Records excerpted from a collection:
==*==

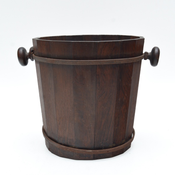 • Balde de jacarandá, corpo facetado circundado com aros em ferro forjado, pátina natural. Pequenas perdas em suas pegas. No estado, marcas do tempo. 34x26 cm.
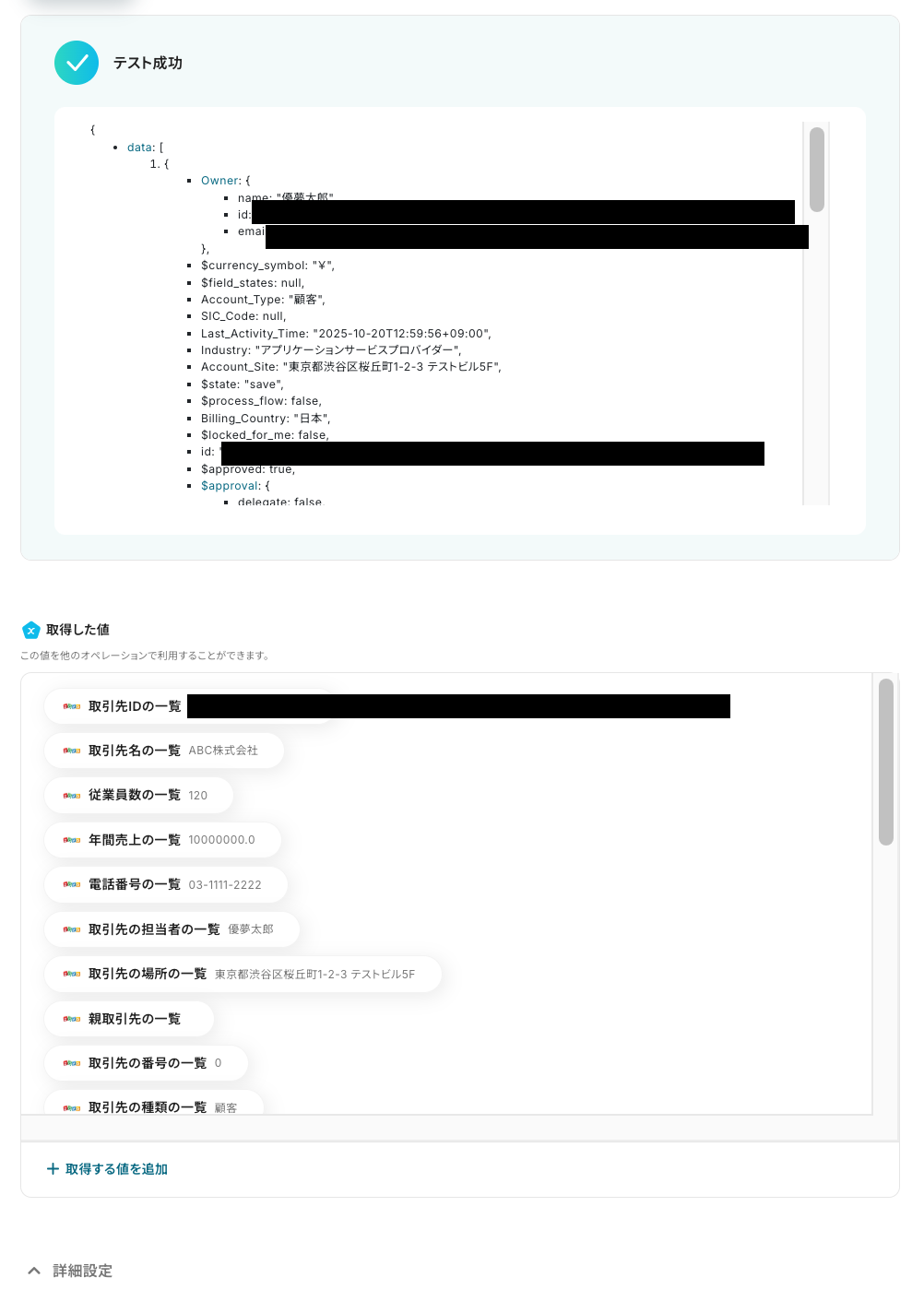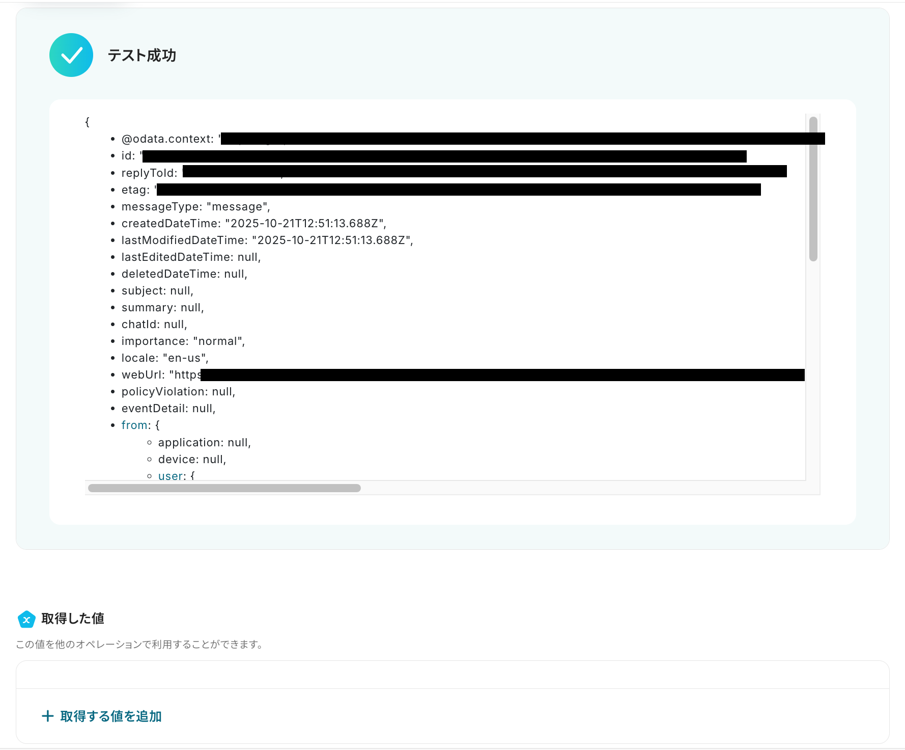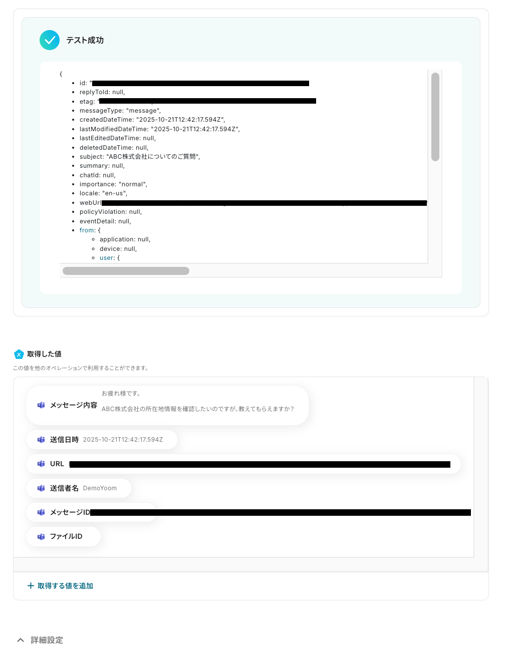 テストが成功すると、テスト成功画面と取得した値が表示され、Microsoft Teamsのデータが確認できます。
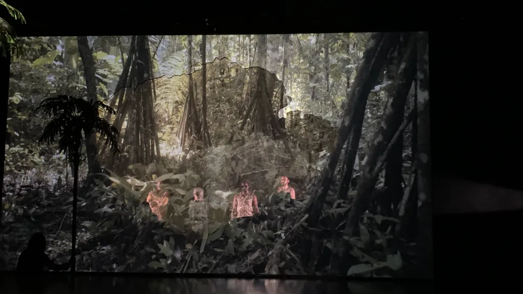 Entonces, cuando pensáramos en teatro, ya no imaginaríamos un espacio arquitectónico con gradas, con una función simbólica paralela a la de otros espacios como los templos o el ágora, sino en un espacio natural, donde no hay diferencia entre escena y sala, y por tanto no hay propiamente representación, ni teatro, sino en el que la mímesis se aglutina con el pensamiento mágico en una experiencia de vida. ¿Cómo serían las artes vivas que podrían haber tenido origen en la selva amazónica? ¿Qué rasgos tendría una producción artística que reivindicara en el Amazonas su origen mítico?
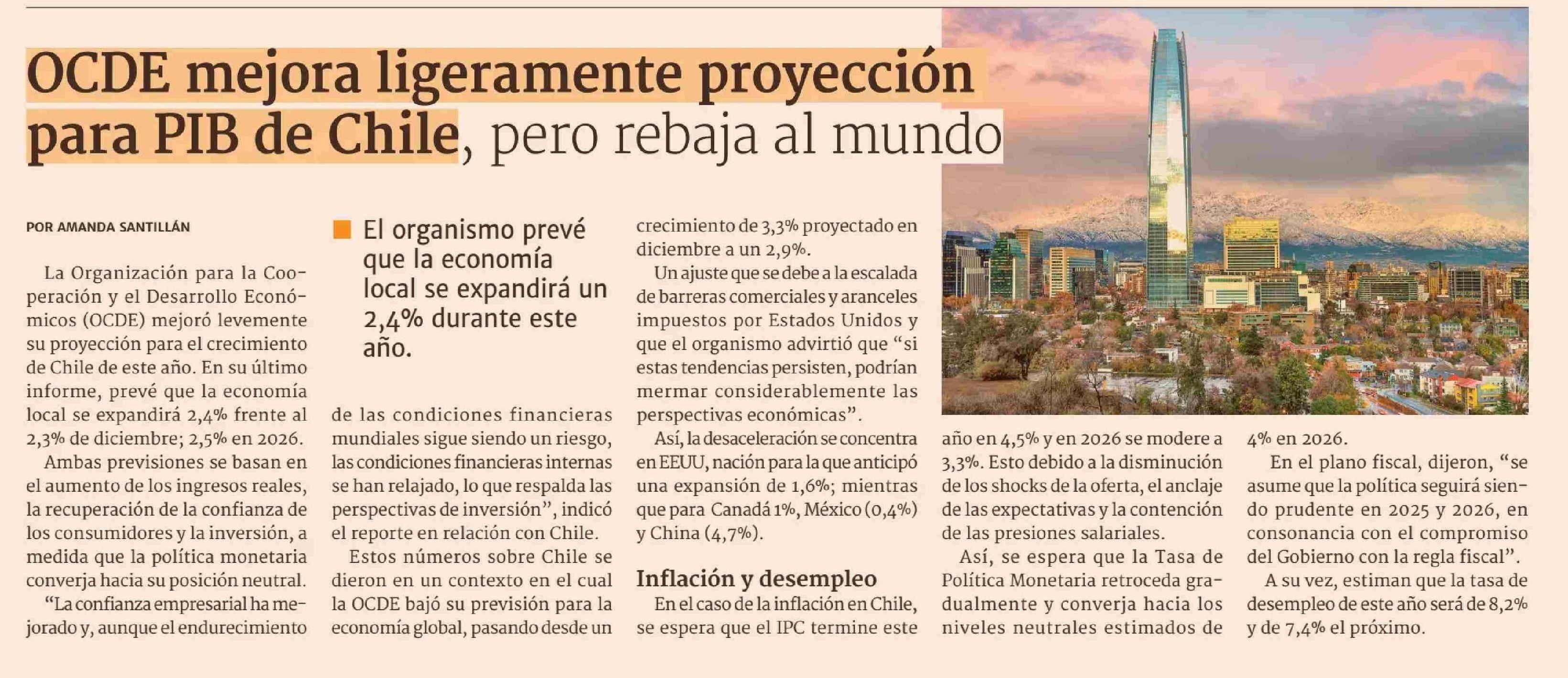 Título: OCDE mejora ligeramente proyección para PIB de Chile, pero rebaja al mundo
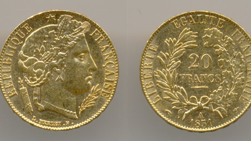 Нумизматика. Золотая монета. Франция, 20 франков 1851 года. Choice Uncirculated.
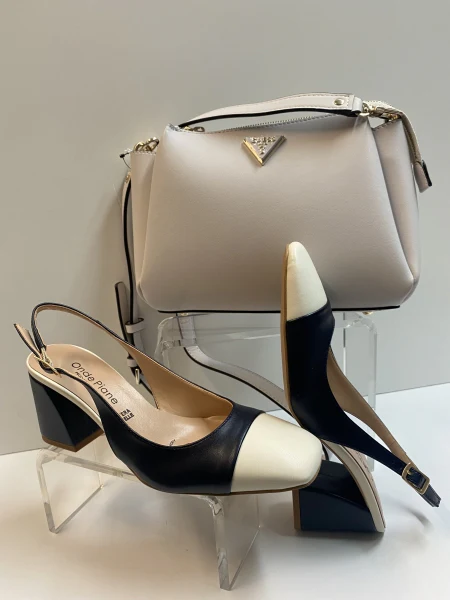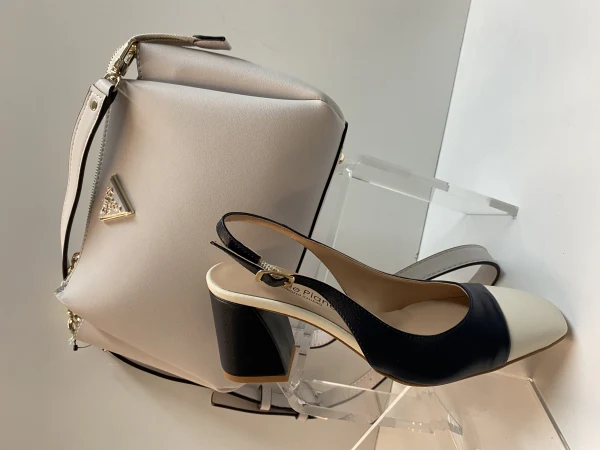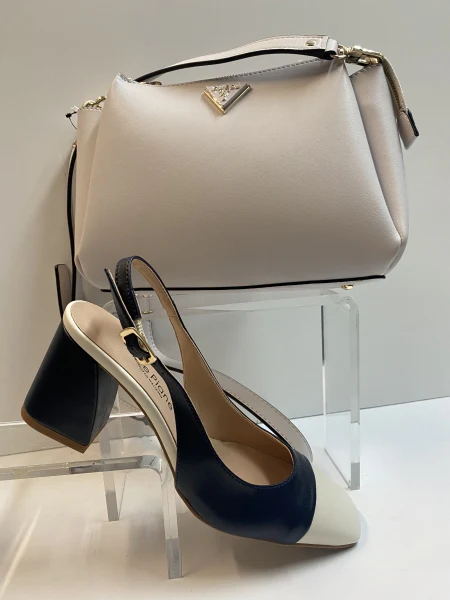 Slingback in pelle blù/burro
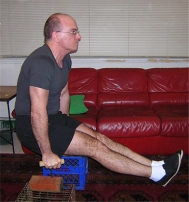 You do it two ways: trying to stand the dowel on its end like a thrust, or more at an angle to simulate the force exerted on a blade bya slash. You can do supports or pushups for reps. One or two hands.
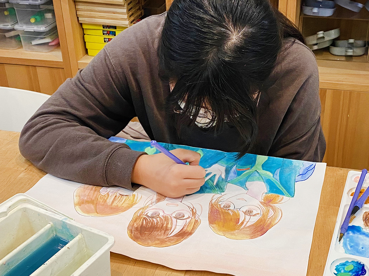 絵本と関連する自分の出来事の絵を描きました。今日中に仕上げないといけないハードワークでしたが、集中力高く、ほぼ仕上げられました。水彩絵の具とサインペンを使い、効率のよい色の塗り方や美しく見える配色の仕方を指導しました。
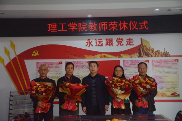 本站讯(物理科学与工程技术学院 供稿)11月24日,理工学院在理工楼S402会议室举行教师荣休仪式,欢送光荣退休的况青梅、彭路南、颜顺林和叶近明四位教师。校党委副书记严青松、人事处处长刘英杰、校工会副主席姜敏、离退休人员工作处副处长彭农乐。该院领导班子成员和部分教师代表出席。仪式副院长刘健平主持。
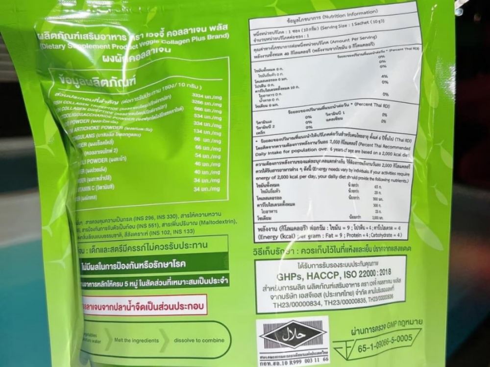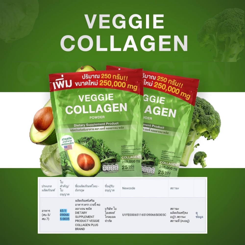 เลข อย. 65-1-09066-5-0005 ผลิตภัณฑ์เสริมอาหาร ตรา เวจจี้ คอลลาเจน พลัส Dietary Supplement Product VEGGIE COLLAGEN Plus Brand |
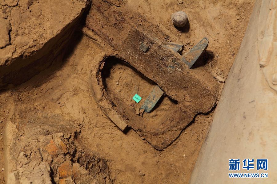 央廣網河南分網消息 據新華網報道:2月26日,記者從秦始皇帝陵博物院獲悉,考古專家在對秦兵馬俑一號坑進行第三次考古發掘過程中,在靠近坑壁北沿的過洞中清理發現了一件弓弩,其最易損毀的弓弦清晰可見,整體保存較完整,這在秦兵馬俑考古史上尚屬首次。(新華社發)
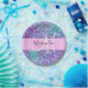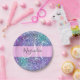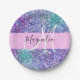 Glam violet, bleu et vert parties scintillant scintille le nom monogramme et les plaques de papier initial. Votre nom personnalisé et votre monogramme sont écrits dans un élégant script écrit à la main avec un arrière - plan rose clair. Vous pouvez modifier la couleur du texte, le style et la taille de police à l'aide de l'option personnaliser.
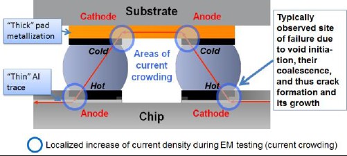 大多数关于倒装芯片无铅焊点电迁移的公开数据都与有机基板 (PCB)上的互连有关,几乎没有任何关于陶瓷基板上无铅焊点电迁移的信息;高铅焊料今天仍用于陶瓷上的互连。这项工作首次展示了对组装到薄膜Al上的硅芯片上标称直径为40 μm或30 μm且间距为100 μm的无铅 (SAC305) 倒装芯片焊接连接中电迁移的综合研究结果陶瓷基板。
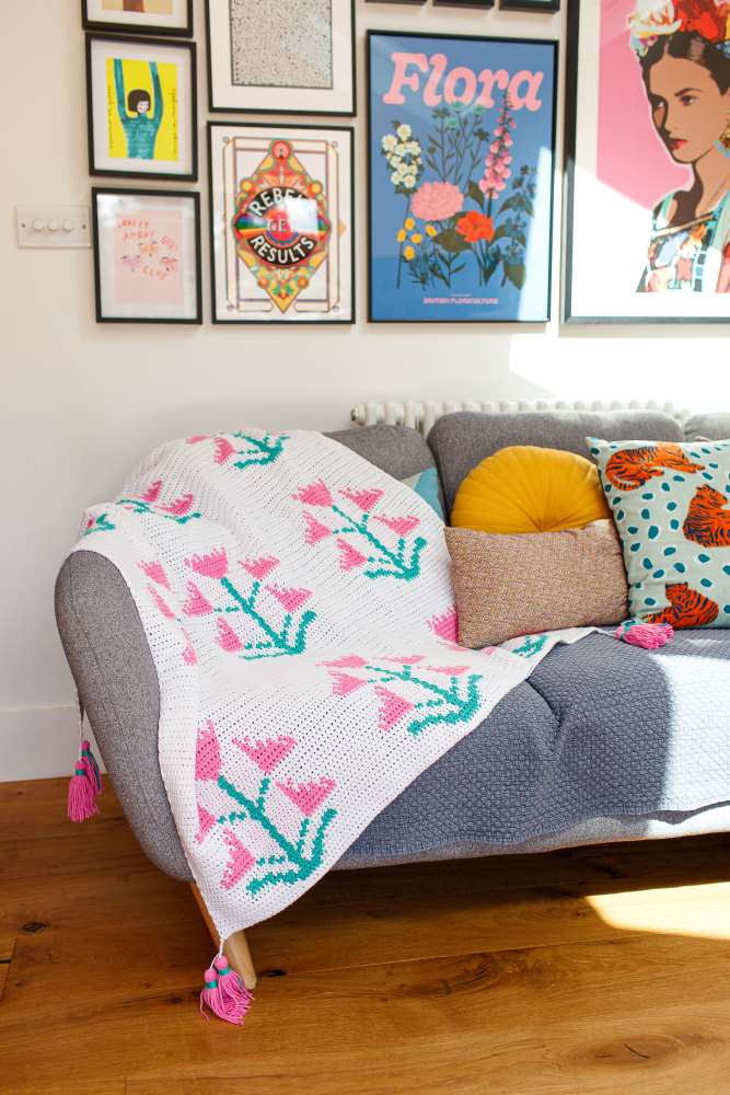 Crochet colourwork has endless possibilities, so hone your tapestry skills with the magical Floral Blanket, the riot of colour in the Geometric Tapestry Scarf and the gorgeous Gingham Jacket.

==*==

EXERCISE INSTRUCTIONS - Your copy of the data above should match it exactly, apart from the images.

FINISHED EXERCISE -
 • Balde de jacarandá, corpo facetado circundado com aros em ferro forjado, pátina natural. Pequenas perdas em suas pegas. No estado, marcas do tempo. 34x26 cm.
 テストが成功すると、テスト成功画面と取得した値が表示され、Microsoft Teamsのデータが確認できます。
 Entonces, cuando pensáramos en teatro, ya no imaginaríamos un espacio arquitectónico con gradas, con una función simbólica paralela a la de otros espacios como los templos o el ágora, sino en un espacio natural, donde no hay diferencia entre escena y sala, y por tanto no hay propiamente representación, ni teatro, sino en el que la mímesis se aglutina con el pensamiento mágico en una experiencia de vida. ¿Cómo serían las artes vivas que podrían haber tenido origen en la selva amazónica? ¿Qué rasgos tendría una producción artística que reivindicara en el Amazonas su origen mítico?
 Título: OCDE mejora ligeramente proyección para PIB de Chile, pero rebaja al mundo
 Нумизматика. Золотая монета. Франция, 20 франков 1851 года. Choice Uncirculated.
 Slingback in pelle blù/burro
 You do it two ways: trying to stand the dowel on its end like a thrust, or more at an angle to simulate the force exerted on a blade bya slash. You can do supports or pushups for reps. One or two hands.
 絵本と関連する自分の出来事の絵を描きました。今日中に仕上げないといけないハードワークでしたが、集中力高く、ほぼ仕上げられました。水彩絵の具とサインペンを使い、効率のよい色の塗り方や美しく見える配色の仕方を指導しました。
 本站讯(物理科学与工程技术学院 供稿)11月24日,理工学院在理工楼S402会议室举行教师荣休仪式,欢送光荣退休的况青梅、彭路南、颜顺林和叶近明四位教师。校党委副书记严青松、人事处处长刘英杰、校工会副主席姜敏、离退休人员工作处副处长彭农乐。该院领导班子成员和部分教师代表出席。仪式副院长刘健平主持。
 เลข อย. 65-1-09066-5-0005 ผลิตภัณฑ์เสริมอาหาร ตรา เวจจี้ คอลลาเจน พลัส Dietary Supplement Product VEGGIE COLLAGEN Plus Brand |
 央廣網河南分網消息 據新華網報道:2月26日,記者從秦始皇帝陵博物院獲悉,考古專家在對秦兵馬俑一號坑進行第三次考古發掘過程中,在靠近坑壁北沿的過洞中清理發現了一件弓弩,其最易損毀的弓弦清晰可見,整體保存較完整,這在秦兵馬俑考古史上尚屬首次。(新華社發)
 Glam violet, bleu et vert parties scintillant scintille le nom monogramme et les plaques de papier initial. Votre nom personnalisé et votre monogramme sont écrits dans un élégant script écrit à la main avec un arrière - plan rose clair. Vous pouvez modifier la couleur du texte, le style et la taille de police à l'aide de l'option personnaliser.
 大多数关于倒装芯片无铅焊点电迁移的公开数据都与有机基板 (PCB)上的互连有关,几乎没有任何关于陶瓷基板上无铅焊点电迁移的信息;高铅焊料今天仍用于陶瓷上的互连。这项工作首次展示了对组装到薄膜Al上的硅芯片上标称直径为40 μm或30 μm且间距为100 μm的无铅 (SAC305) 倒装芯片焊接连接中电迁移的综合研究结果陶瓷基板。
 Crochet colourwork has endless possibilities, so hone your tapestry skills with the magical Floral Blanket, the riot of colour in the Geometric Tapestry Scarf and the gorgeous Gingham Jacket.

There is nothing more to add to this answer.